Copy the listing exactly, leaving out every picture.
-- Data excerpt follows --
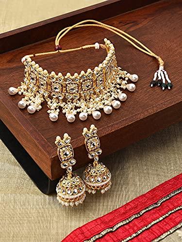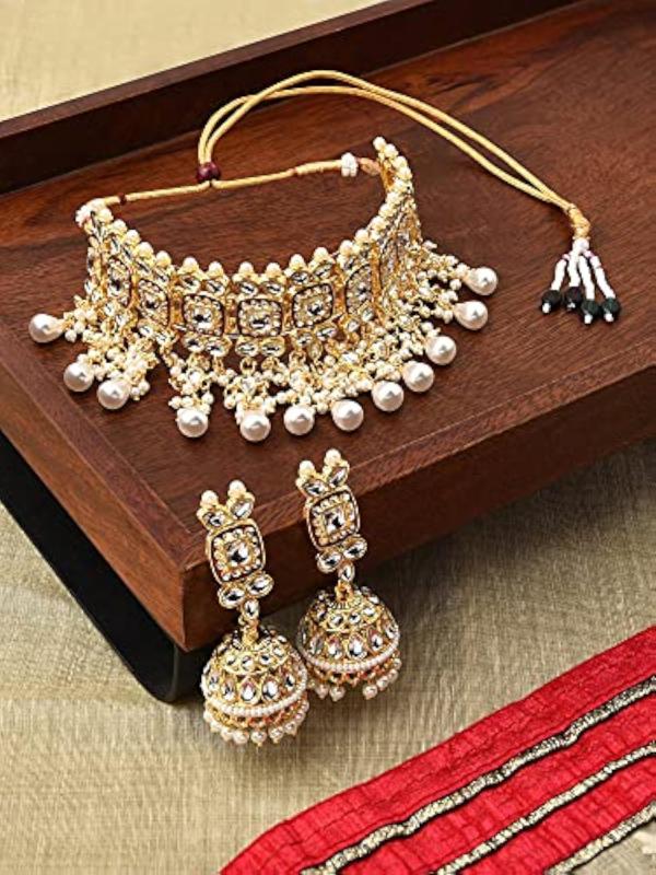 Exquisite Meenakari Kundan choker necklace and jhumki earring set for women.
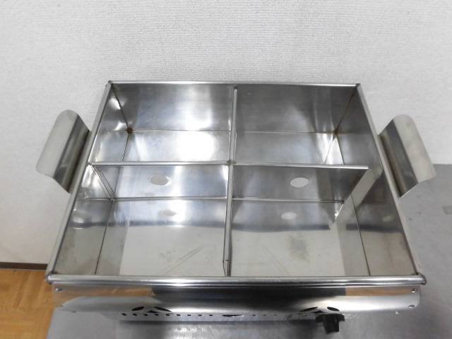 中古厨房 山岡金属 業務用 おでん鍋 4ツ仕切り 都市ガス 直火式 ステンレス おでんウォーマー 金剛-24 W400×D300×H290mm 蓋 店舗 居酒屋
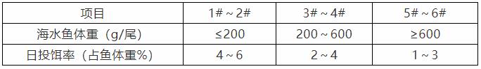 « 根据网箱或池塘中海水鱼规格及数量,参考投饵参考表中推算投饵量,再根据天气、水温、水质、海水鱼摄食及健康状况等予以适当调整。
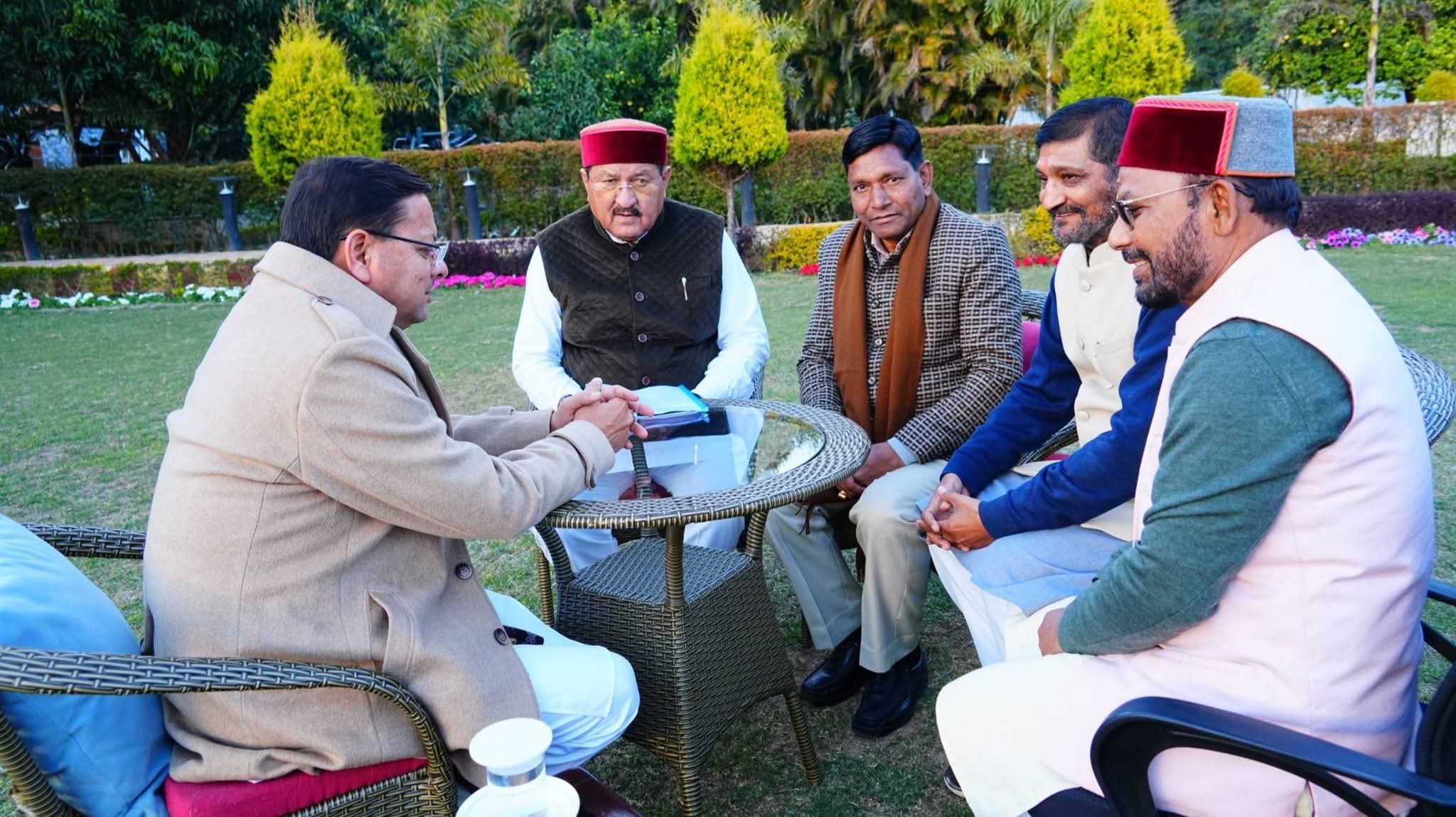 शासकीय आवास पर मुख्यमंत्री धामी से विधायक श्री Bharat Singh Chaudhary जी, श्री Shakti Lal Shah जी, श्री Anil Nautiyal जी, श्री Bhupal Ram Tamta जी एवं श्रीमती Sarita Arya जी ने भेंट कर क्षेत्र के विकास से जुड़े विभिन्न विषयों पर चर्चा की।
-- Data excerpt concluded --
■ Task answer
 Exquisite Meenakari Kundan choker necklace and jhumki earring set for women.
 中古厨房 山岡金属 業務用 おでん鍋 4ツ仕切り 都市ガス 直火式 ステンレス おでんウォーマー 金剛-24 W400×D300×H290mm 蓋 店舗 居酒屋
 « 根据网箱或池塘中海水鱼规格及数量,参考投饵参考表中推算投饵量,再根据天气、水温、水质、海水鱼摄食及健康状况等予以适当调整。
 शासकीय आवास पर मुख्यमंत्री धामी से विधायक श्री Bharat Singh Chaudhary जी, श्री Shakti Lal Shah जी, श्री Anil Nautiyal जी, श्री Bhupal Ram Tamta जी एवं श्रीमती Sarita Arya जी ने भेंट कर क्षेत्र के विकास से जुड़े विभिन्न विषयों पर चर्चा की।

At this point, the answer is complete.